ESSENCE.com: I loved when she got an afro, but the other characters weren't so encouraging. What was that process like for you?
SUMPTER: I feel like Dee really doesn't give a crap. She lives and stands in it. The afro is a turning point when she grows in her character. She loves who she is and I feel she was part of a movement whether it was Black power or just loving yourself more. Of course she asks but she's like, "I'm going to do me" and I love that about the character.
ESSENCE.com: Is any part of Tika in there?
SUMPTER: Of course! For the most part I just try to do what I like and that's it. It doesn't really matter if a blog says something about me; I'm still going to wear whatever I wear the way I want to. I think people just have to do, within reason, what makes them happy.
ESSENCE.com: Who knew you and Carmen Ejogo could sang like that?
SUMPTER: Yeah. I think people are really surprised when they see that actors and actresses sing. We find it normal because we are just being creative. I was actually singing before I was acting. And working with Jordin [Sparks] and Carmen was excellent. I didn't know Carmen could sing like that. I was in the studio with her one day and she was signing and I was like, "Huh?" You know Jordin can sing — we all know that — but acting-wise she was very good. I thought she did great, and she would ask for advice. She was great.
ESSENCE.com: You spent six weeks filming in Detroit. What are the funniest things that happened on set?

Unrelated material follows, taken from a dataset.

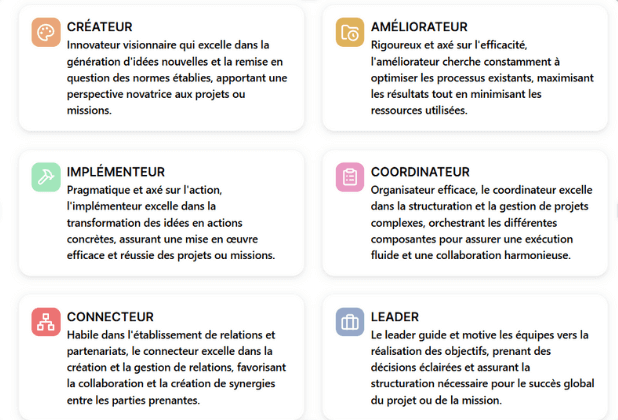 - une modélisation de profils types liés à l’innovation : créateur, implémenteur, améliorateur, connecteur, coordinateur, leader.

SUMPTER: There are a lot of funny moments. Like the scene when we are at the dinner table. I hope they have outtakes on the DVD. Mike Epps is crazy. Whitney couldn't stop laughing. It was still a hard day because it was a serious scene for Whitney and Carmen, but we just couldn't stop laughing. We'd be dancing and singing and doing the dougie. Whitney could dance. She was just a bundle of joy.
ESSENCE.com: Being a singer yourself and being on set with Whitney must have been very interesting.
SUMPTER: You grow up singing all her songs in the mirror. It was surreal that she was even there. Sometimes I would be doing a scene with her and I'd be like, "This is Whitney Houston I am talking to." And we're talking like, "Girl please, uh-huh."
ESSENCE.com: You're a busy lady. What's next for you?
SUMPTER: Well, [new BET series] Being Mary Jane just got picked up with Gabrielle Union, so I co-star and did some work on that. I filmed this movie with John Stamos called My Man Is a Loser, which should be out next year. And then I have some things cooking. Music-wise I'm about to do a performance of my music next month.
Sparkle opens in theaters this Friday.